- Born: Daniel Timo Prinz von Sachsen 23 June 1975 (age 51) Duisburg, North Rhine-Westphalia, West Germany
- Spouse: Sandra Scherer ​(m. 2011)​
- Children: 2
- Parents: Rüdiger von Sachsen (father); Astrid Linke (mother);

= Daniel von Sachsen =

German entrepreneur and politician

Daniel Timo von Sachsen (born 23 June 1975), is a German politician and entrepreneur, and the eldest son of Rüdiger von Sachsen, and his wife Astrid Linke.

He is a founder of the Wettin Forest Service and the Wettiner Golf Cup.

== Early life ==

Daniel was born in Duisburg, the then-West Germany to Rüdiger von Sachsen (the second son of Prince Timo of Saxony, but first with his morganatic wife, Margrit Lucas) and his wife, Astrid Linke (1949–1989).

His paternal grandfather, Prince Timo was a son of Prince Ernst Heinrich of Saxony (a son of King Frederick Augustus III of Saxony and his former wife, Archduchess Luise, Countess of Montignoso) and his first wife, Princess Sophie of Luxembourg (the youngest daughter of Grand Duke Guillaume IV, Grand Duke of Luxembourg and his wife Maria Ana of Portugal).

He was raised in West Germany (Stein-Wingert), not returning to Dresden until well after the Berlin Wall came down. After secondary school, he joined the army, then studied business economics at RWTH Aachen University, and also trained in forestry.

== Career ==
Together with his father Rüdiger, he founded in 2003, and still runs, the Wettinische Forstverwaltung (Wettin Forest Service). He also organizes exhibitions at one of the former family palaces, Moritzburg Castle (the acclaimed baroque "hunting lodge" for ancestor Augustus II the Strong).
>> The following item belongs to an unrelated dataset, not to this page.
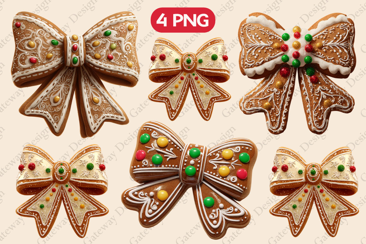 Gingerbread Coquette Bow Christmas PNG/4 Designs example image 1
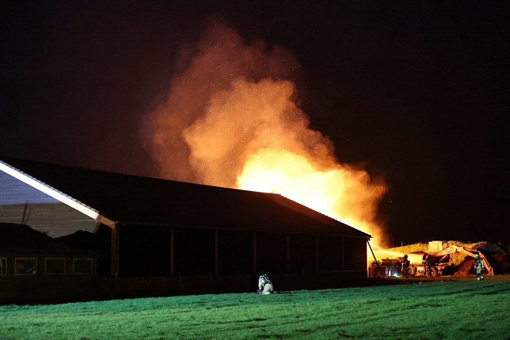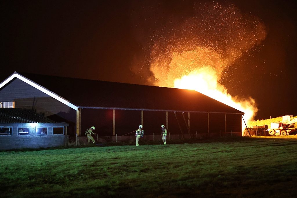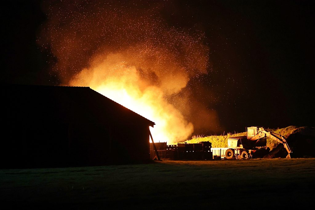 Bij aankomst van de brandweer van Steenwijk sloegen de metershoge vlammen goed om zich heen en trokken de rookwolken over de A32. De brandweer heeft vervolgens ingezet op het gecontroleerd laten uitbranden van de schuur en het behoud van een veel grotere nabij gelegen schuur.De brandweerlieden van het korps van Steenwijk kregen hierbij ondersteuning van het korps uit Oldemarkt en de waterwagens van Havelte en Meppel. Ze slaagde erin om overslag naar de ander schuur te voorkomen.

Since 2004, he has been a member of the municipal council of Moritzburg and the Kreis Meißen for the CDU party. In 2017, he indicated that he does not seek to become King of Poland, being a democrat. Upon the death of his father in 2022, Daniel inherited his claim to be Head of the Royal branch of the House of Wettin and Margrave of Meissen.

== Family and personal life ==
In 2001-2002, Daniel was engaged to singer Christina Linhardt. Two songs on her CD Circus Sanctuary allude to their relationship.

In 2011, Daniel married Sandra Scherer, a scientist. They have two children, Anna-Catharina Sophie (born 2013) and Gero Friedrich Johann (born 2015).

Daniel resides in Moritzburg and is a founder of the Wettiner Golf Cup.